Spatiotemporal Dynamics of Immune Cells in the Spinal Cord During CNS Autoimmunity

Our immune system is a dynamic network of cells and molecules that constantly protects us from pathogens. During an immune response, information about the pathogen is quickly relayed to the nearest lymphoid organs. Fast-moving immune cells (lymphocytes) constantly scan lymphoid organs for specific signals displayed on antigen-presenting cells (APC). Once lymphocytes encounter their antigens, they proliferate, differentiate into effector cells, and migrate to target tissues to execute effector functions (e.g., clear pathogens). These steps involve complex cell migration, cell-cell interactions, and signaling events that are exquisitely regulated to ensure targeted clearance of pathogens while limiting fatal autoimmunity. Misfiring immune cells against self-tissues can lead to more than 80 autoimmune disorders, including Multiple Sclerosis (MS), in which immune cells attack the protective myelin sheath of the neurons in the central nervous system (CNS). We aim to understand better how immune cells couple cell migration to functions in target tissues.
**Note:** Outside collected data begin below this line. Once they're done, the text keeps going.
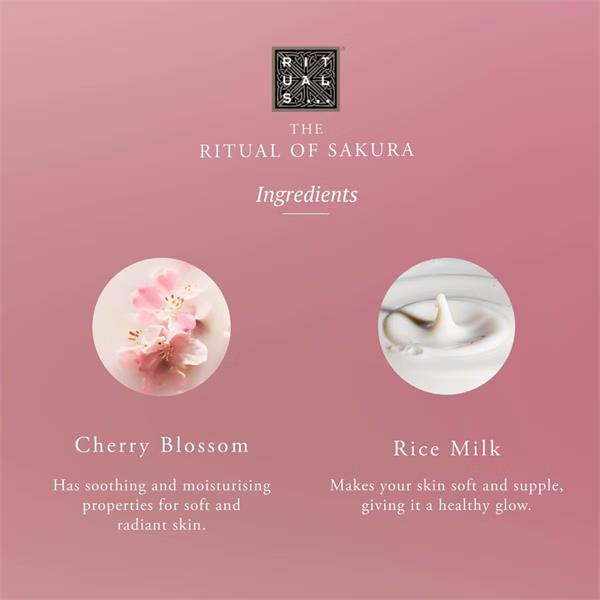 Powered by the delicate cherry blossom, derived from the Japanese Sakura tree, the fragrance creates a sweet yet feminine aroma. The scent is laced with nourishing rice milk to adorn the skin with supple moisture and a radiant-looking glow. Pair the fragrance with the rest of The Ritual of Sakura collection to leave a lingering, refreshing trail all day long.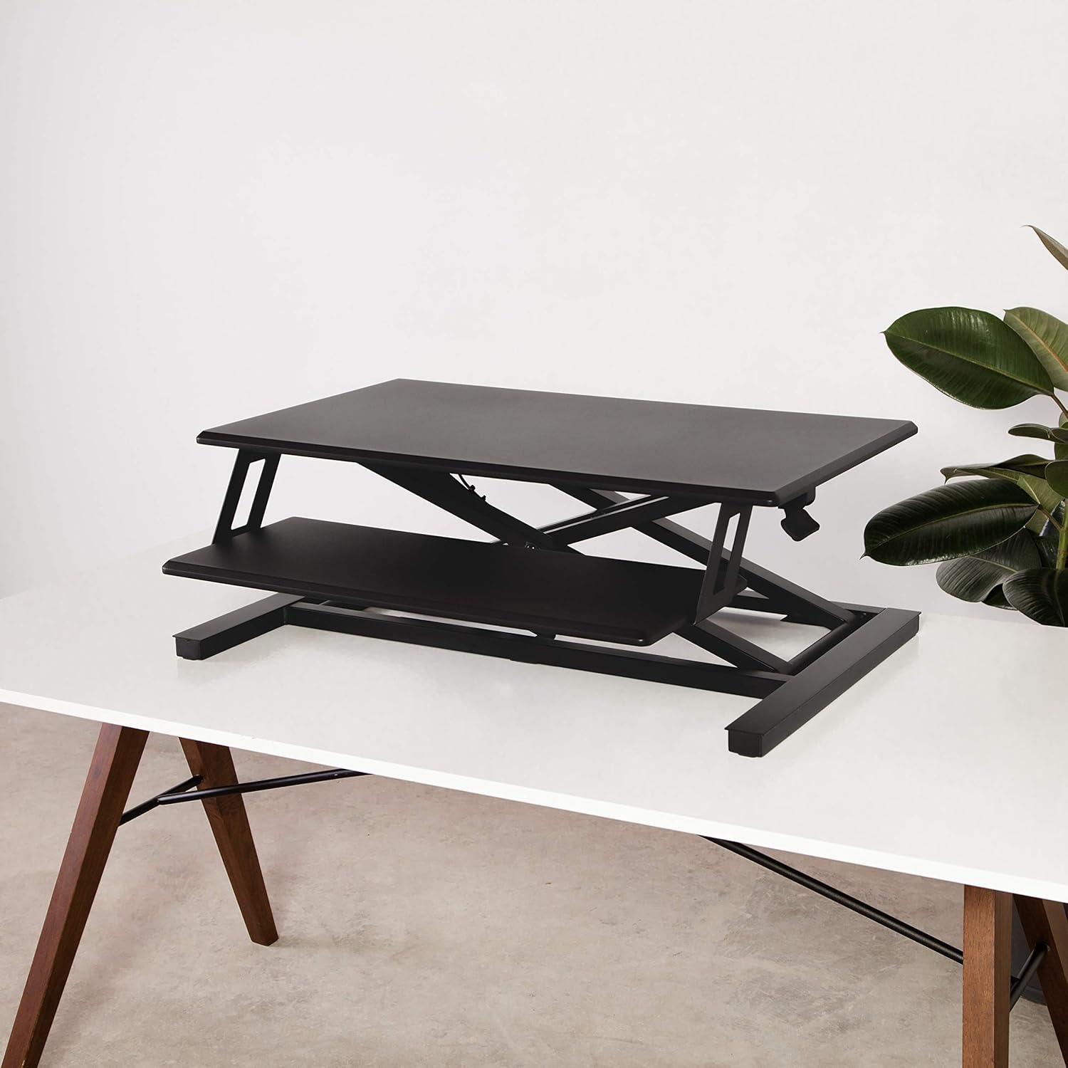 It should allow your knees to be at a 90-degree angle or slightly lower than your hips when seated, matching your standing desk height range.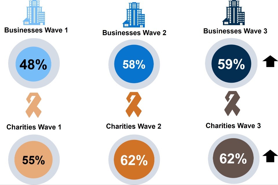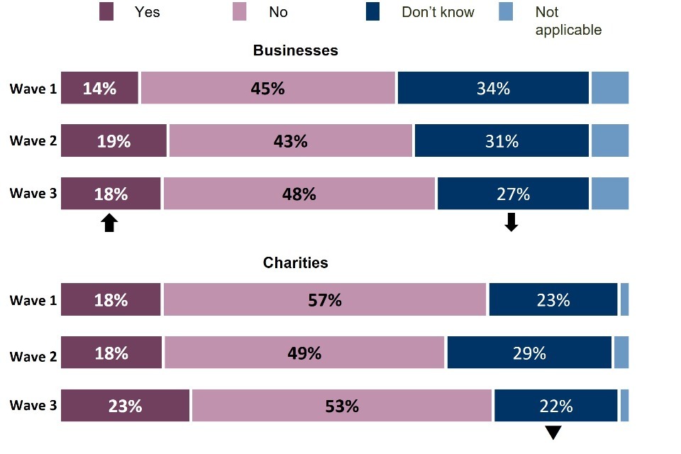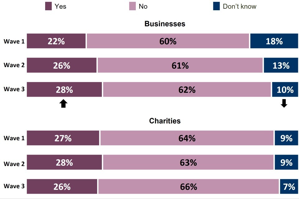 The findings from Wave Three are largely consistent with Wave Two and as such there have only been sporadic improvements between the two waves. However, there have been some improvements between Wave One and Wave Three, particularly among businesses. These include: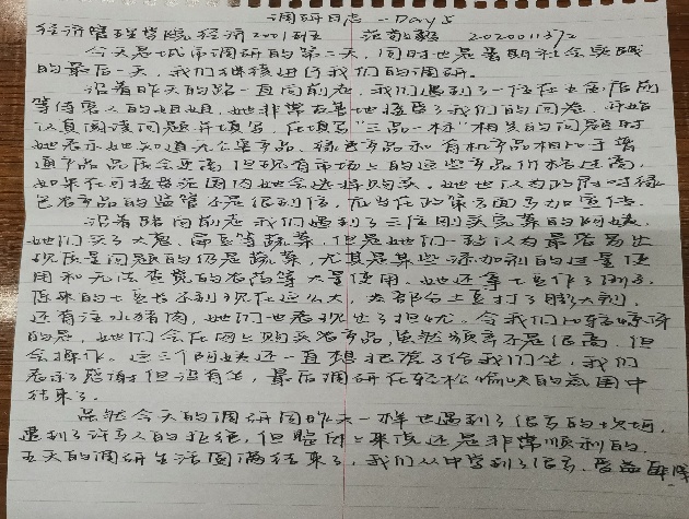 从同学们的实习日志可以看出,同学们在最初的彷徨到适应后感受到了校外实习与校园生活不一样的精彩,烈日下与城乡居民的交流访谈丰富了他们的见识。尽管有些辛苦,也遇到了一些阻力,但同学们最终都凭借着耐心和沟通技巧获取了许多样本数据,获益匪浅。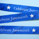 Celebrate Juneteenth this year with this custom ribbon which features the words celebrate Juneteenth on a blue ribbon. Behind this are faint broken chains in the background.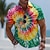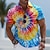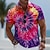 Homens Hippie Cor gradiente Impressão Tie Dye Camisa Social camisa de botão Manga Curta Moda Casual Streetwear Férias Verão Primavera Aberto para a Lateral Impressão 3D camisas de colarinho Azul Roxo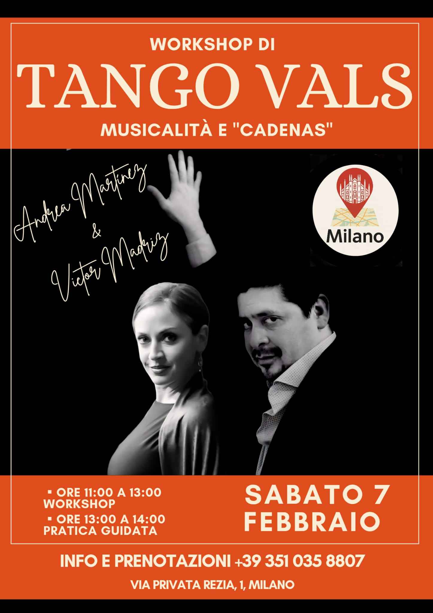 🫂 Per Tangheri curiosi, coraggiosi e con voglia di crescere nel loro ballo proponiamo un workshop ben strutturato per riuscire a distinguere i principali elementi interpretativi del Vals Argentino (conosciuto anche come "tango Vals").il programma ha lo scopo d'individuare gli aspetti che differenzano il vals dal tango, sia nella musicalità che nei movimenti. Ritmica e Frassegio del Tango Vals e Sequenze in "cadenas" saranno il fulcro del Workshop.💃🕺a guidarvi in questo percorso ci saranno Andrea Martínez (Arg) e Victor Madriz (Ven/arg), due maestri con tantissima esperienza nell'insegnamento e nel ballo del Tango Vals.📢 I posti sono limitati per assicurare una esperienza pedagogica di eccellenza, quindi la prenotazione è obbligatoria (Whatsapp, Sms o telefonata) al 347 930 3077 Andrea, ovvero 351 035 8807 Victor⚠️È consigliato venire in coppia. Per le persone singole cercheremo di trovare un partner, dopo di che sarà confermata l'iscrizione.🗓️il workshop si terrà il Sabato 07/02 in Via Privata Rezia, 1 (zona Porta Romana), Milano.dalle 11.00 alle 13.00. A seguire ci sarà un'ora di pratica guidata dai maestri per mettere in moto e correggere "in caldo" tutto quanto appena imparato, nel frattempo un giro 🍕 pizza per tutti!🙏🏻 Il contributo per l'intera attività è di €25 a persona.😘vi aspettiamo con tutta "la onda" e l'affetto dell'abbraccio tanguero!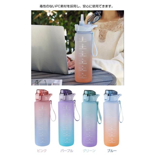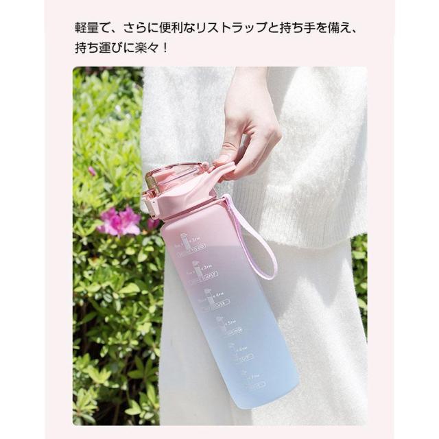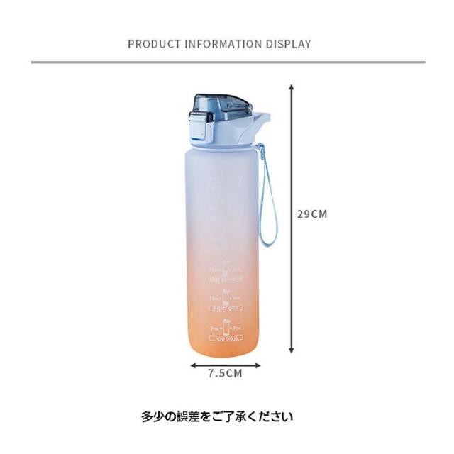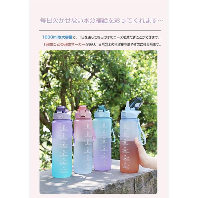 スポーツ 水筒 大容量 軽量 1リットル 目盛り付き 携帯水筒 キッズ 肩掛け 透明 大人 洗いやすい おしゃれ グラデーション ウォーターボトル 携帯便利 漏れ防止 子供 キッズ プラスチックスポーツボトル ヨガ フィットネス 用 ジム アウトドアボトル 1000ml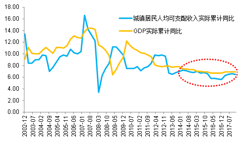 图表6:中国人均可支配收入实际增速已经慢于GDP实际增速
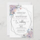 Schöne Frühlings- oder Sommerhochzeit mit pastellfarbenen Boho Wildblume Blumenbouquets in den Farbtönen lila, violett, lila, lavender, staubblau, pfirsichblau, rot und salzgrün und mit kohlegrauem Schriftzeichen und Text und einem silbergrauen geometrischen Rahmen betont. Wenden Sie sich an den Designer, BEVOR er die Bestellung über Zazzle Chat oder makeitaboutyoustore@gmail.com für Designänderungen, Hilfe bei der Personalisierung oder der Übertragung des Designs auf ein anderes Produkt oder für die Koordination von Gegenständen.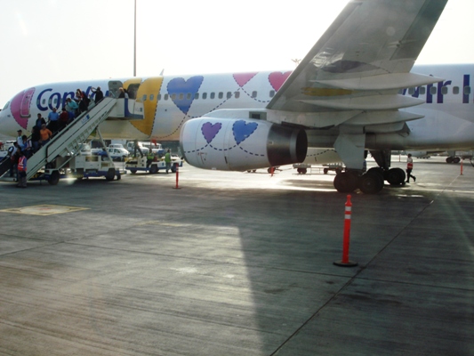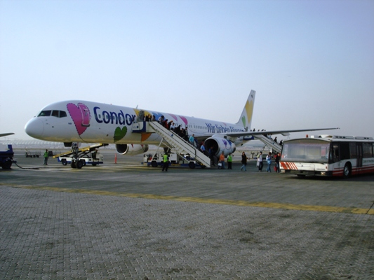 Wird es wohl ein Jumboflug geben? Nein, leider "nur" eine 757-300 mit anstatt 260 nur 200 Passagieren an Bord. Zwei davon aus Möriken...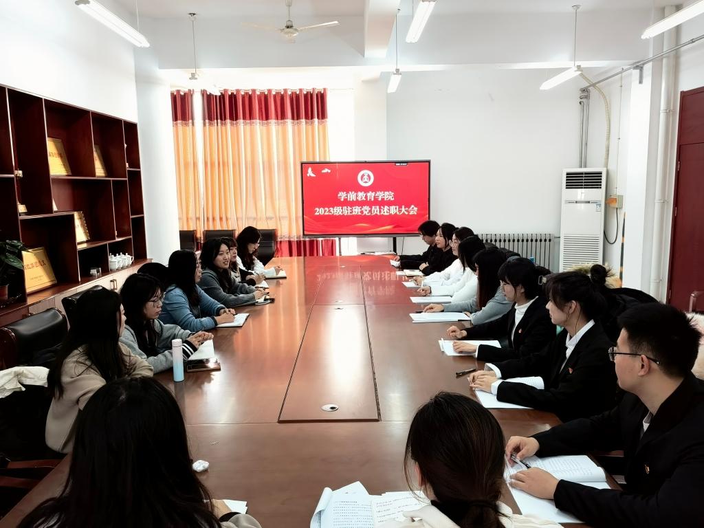 2023级学前教育转段本科1、2班驻班党员高威以“三心三线”追光铸魂育人为题进行述职。他围绕坚守初心,织好学生思想政治底线;坚定恒心,做好学生全面发展主线;坚持暖心,筑好学生健康成长防线三个方面汇报履职以来的班级情况和个人工作。
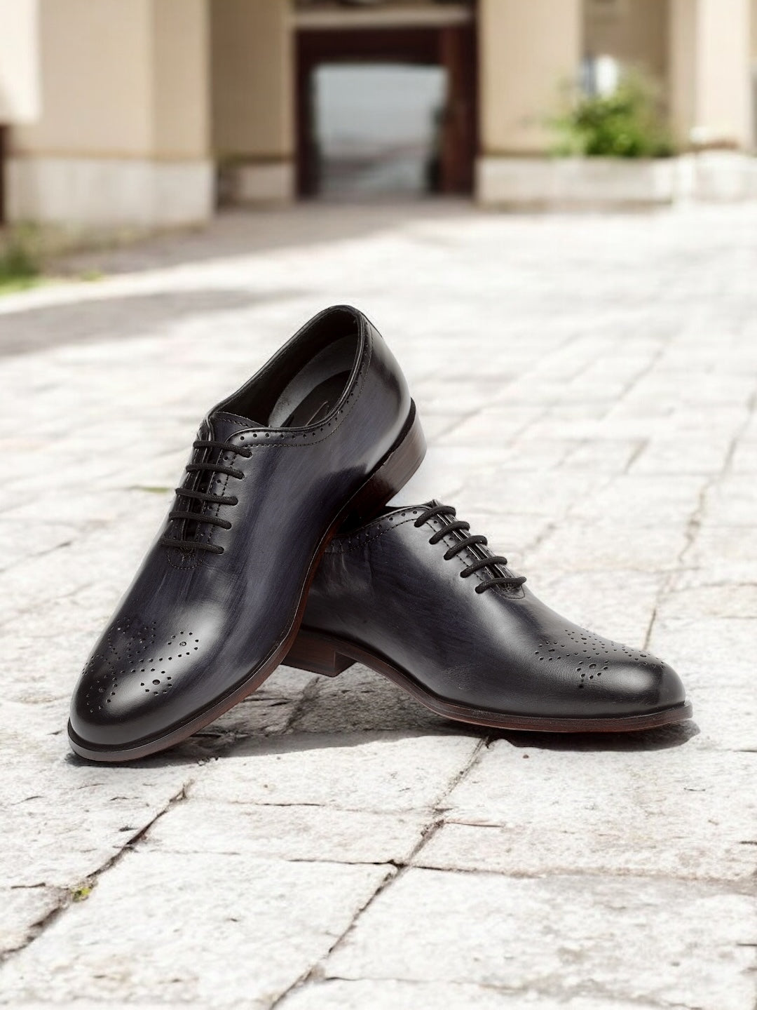A Mark of Understated Command — Noir Crest – Perforated Cowhide Leather Wholecut Oxford is crafted from a single uninterrupted piece of leather, lending it both elegance and structural purity. The soft perforated medallion at the toe adds a touch of refinement without distraction, making it the ideal companion for black-tie affairs, formal councils, and dignified evenings. It is not meant to impress loudly — but to stand immovably.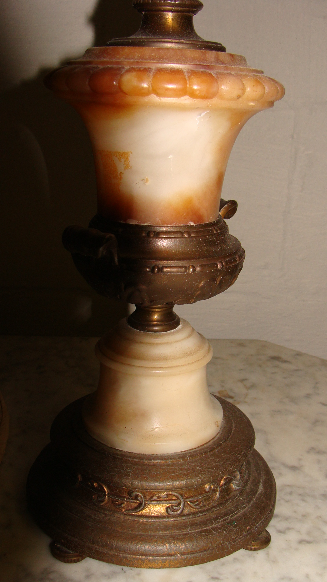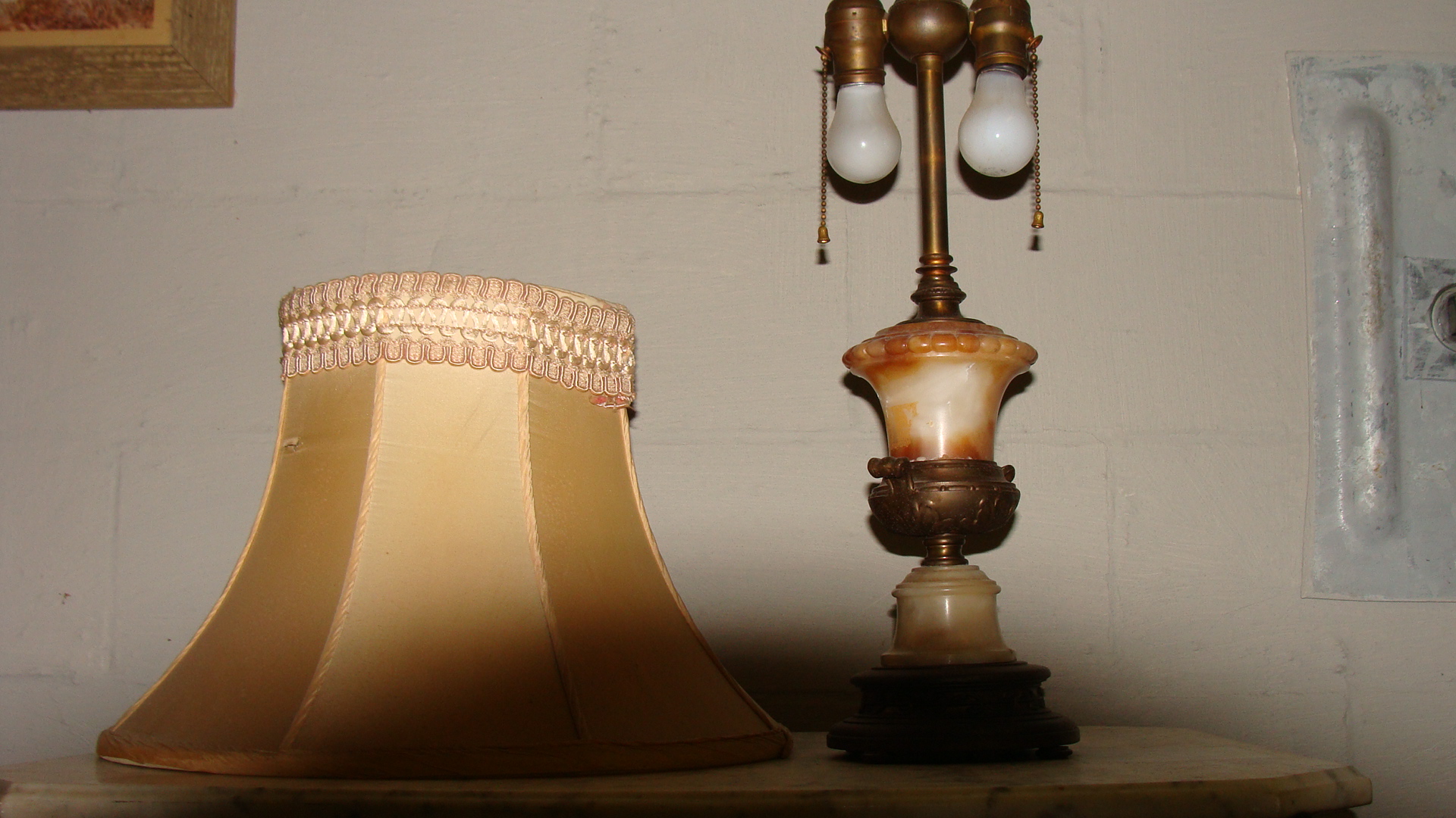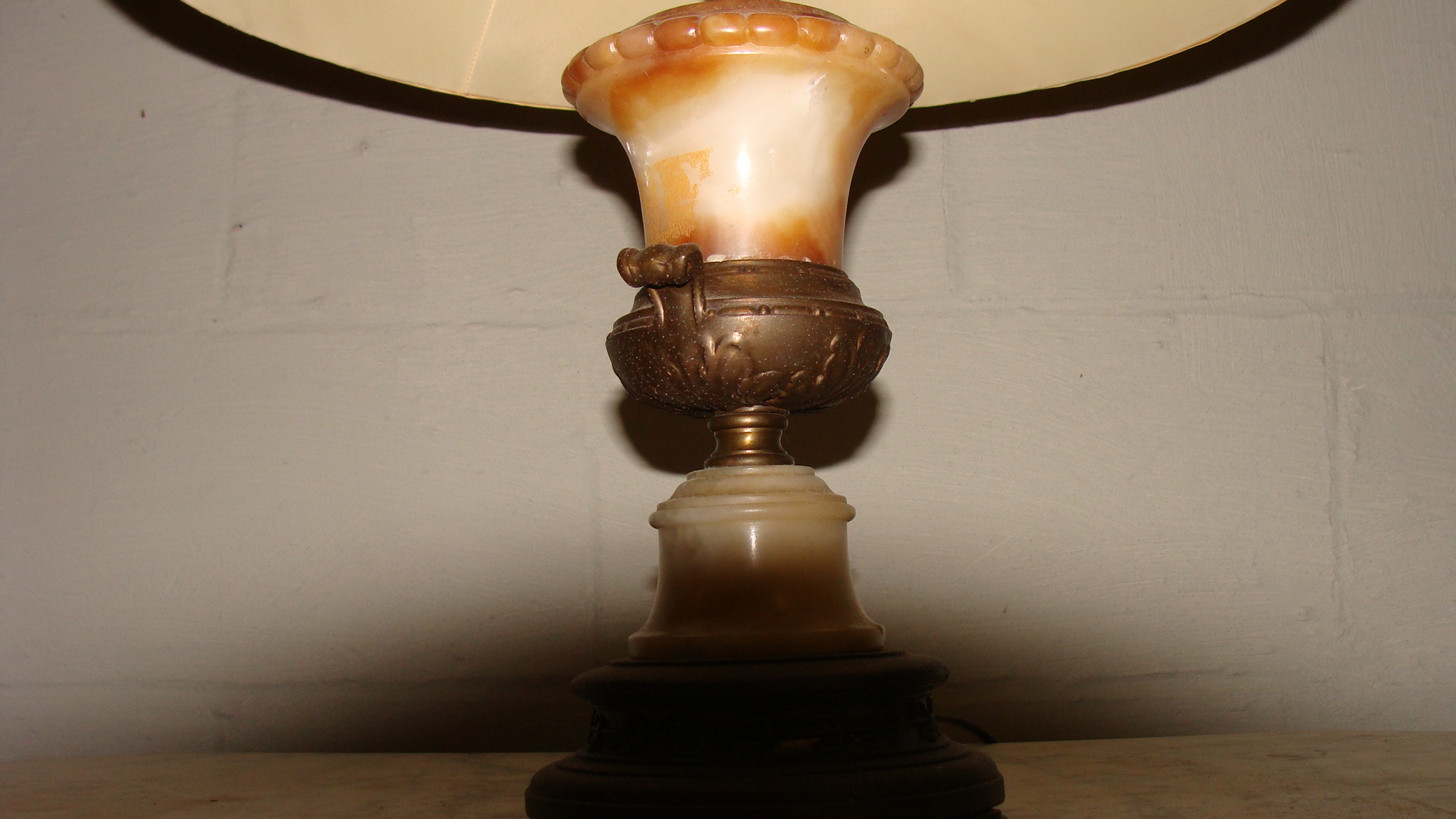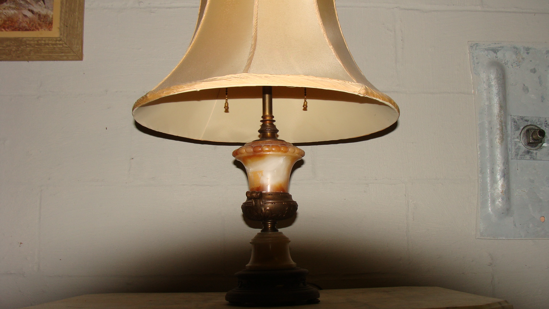 Lamp is in working order.It has two bulb with seperate switches both work.Lamp itself appears to be Brass and I think Ivory.It weighs approxamately 15 to 20 lbs maybe more.It's about 21 " tall and the shade is also in excellent shape.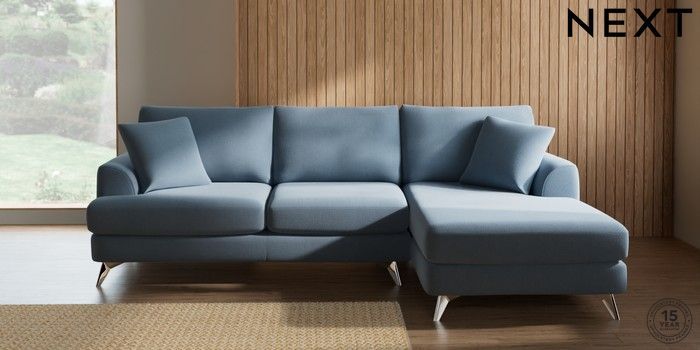 7.2.10 Buy Parker Medium Sofa Chaise - Right Hand Relaxed Linen Look Mid Blue High Metal - Chrome from the Next UK online shop Click here to use our accessible website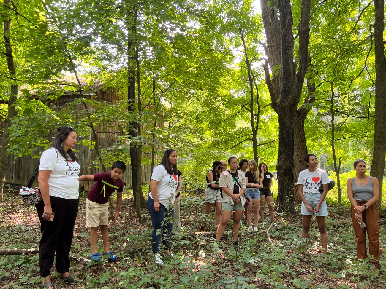 Lenape-descendant youth and coordinators stand listening to an ecology session in the Delaware Water Gap National Recreation Area during the Lenapehoking Youth Conference.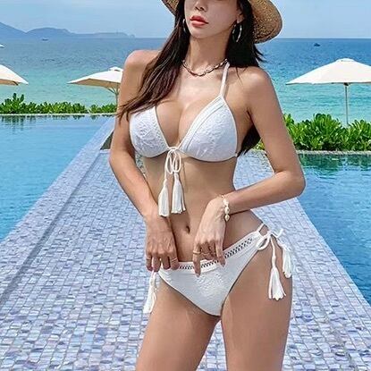 レース×リボンで魅せる儚くも大胆な三角ビキニ。

Effector T (Teff) cells potentiate CNS autoimmunity, whereas regulatory T (Treg) cells limit autoimmunity. Using a combination of multiphoton imaging and transgenic mice in an MS-like disease model called experimental autoimmune encephalomyelitis, we provide new insights into the cellular dynamics of Teffs, Tregs, and APCs in the spinal cord. Despite similar cell speeds, Teff and Treg cells follow divergent motility patterns. Teff cells actively migrate to spread across the CNS. In contrast, Tregs remain organized as discrete clusters. Tregs exhibit an unusual repetitive scanning behavior, allowing rapidly motile Tregs to re-engage their targets constantly. We postulate that this motility behavior of Tregs limits Teff cell activation by destabilizing Teff cell interactions with local APCs. We demonstrate that the arrival of Tregs in the CNS coincides with diminished activation of Teff cells and a partial recovery from disease; depletion of Treg cells quadruples the number of Teff cells within days. We provide evidence that Treg cells interfere with proximal signaling in Teff cells. Altogether, our results provide new insights into the spatial organization and cellular interactions of immune cells that play a critical role in CNS autoimmunity.